It’s got range, baby.
This is about high-performance vehicles and distance on a battery charge.
The all-electric Mustang Mach-E GT and GT Performance Edition completed U.S. Environmental Protection Agency certification and crushed company goals, Ford Motor Co. announced.
Ford revealed it had hoped to achieve an EPA-estimated range of 250 miles on a full battery charge but, instead, reached 270 miles with the GT. Meanwhile, on the GT Performance Edition, Ford was shooting for an EPA-estimated range of 235 miles but, instead, reached 260 miles.
What’s the difference between the models?
The 0-60 mph on the Performance Edition is 3.5 seconds.
The 0-60 mph on the GT is 3.8 seconds.
By comparison, the 0-60 on the standard Mach-E ranges from 4.8 second to 6.1 seconds. Battery size in the vehicle plays a key role.
“More than half of our orders for the #MustangMachE GT have been for the Performance Edition,” Ford CEO Jim Farley tweeted.
Farley, a competitive race car driver, told the Free Press months ago that he had ordered the Mustang Mach-E GT Performance Edition. He has earned a reputation over the years for appreciating speed and handling, on and off the track.
Demand for the Mustang Mach-E First Edition was sold out and orders have been steadily flowing for other non-GT models. Industry data shows the all-electric Ford vehicle is stealing customers from competitors.
Darren Palmer, Ford global director, battery electric vehicles, said in a news release on Wednesday that the company has had GT and Performance Edition orders come in from every state in the country.
“I’m really thrilled with what the team has achieved here,” he told the Free Press. “It’s not easy engineering a performance BEV (battery electric vehicle) as capable as this and with this much range.”
Ford is careful to note that range results may be impacted by weather, driving behaviors, vehicle maintenance, lithium-ion battery age and health.

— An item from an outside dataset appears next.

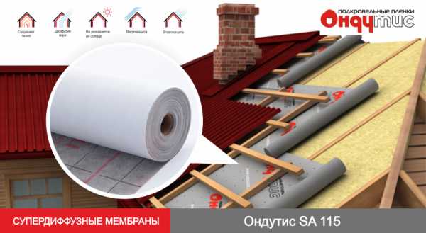 Уложите подкладочную гидроизоляцию для защиты от протечек. Здесь можно использовать супердиффузионные мембраны Ондутис. Следите за тем, чтобы нахлест полотен был не менее 30 см.

“Whether it’s gallons of gasoline or hours of kilowatts, there’s a trade off between efficiency and performance,” said industry analyst John McElroy, host of the “Autoline After Hours” webcast and podcast. “The faster you want to go, the more energy your car will consume. But it’s easy to predict which way hardcore Mach-E buyers will choose. They’ll go with the GT Performance models.”
Mustang Mach-E GT and Mustang Mach-E GT Performance Edition will be available in Cyber Orange Metallic Tri-Coat exclusively, as well as Grabber Blue Metallic — previously available only on First Edition. Other colors include new Dark Matter Gray Metallic, Rapid Red Metallic Tinted Clearcoat, Star White Metallic Tri-Coat, Shadow Black, Iconic Silver Metallic and Space White Metallic.
“With Mustang Mach-E GT and Mustang Mach-E GT Performance Edition, we’re pushing the boundaries of what an electric vehicle can offer,” Dave Pericak, vehicle program director, said in a news release on April 26. “These Mustang Mach-E models not only give customers the added capability expected from the GT name, but the responsiveness of their electric powertrains will ensure they have a thrilling experience behind the wheel.”
The GT has electric all-wheel-drive and permanent magnetic dual motors, including an upgraded secondary electric motor that powers the front wheels for a combined power output of 480 horsepower and 600 pound-feet of torque.
The GT Performance Edition pumps out 480 horsepower and 634 pound-feet of torque – the same horsepower as the Mustang Mach 1 performance coupe but with 214 pound-feet additional torque, Ford said.
“Mustang Mach-E GT Performance Edition delivers more torque, grip and better handling by drawing more power from its battery pack,” Ford said in April.
The Mustang Mach-E GT starts at $59,900 and the Mustang Mach-E GT Performance Edition starts at $64,900 in the U.S., not including delivery fees. The company is scheduled to begin deliveries in the fall.
These and other all-electric vehicles qualify for up to $7,500 in federal tax incentives.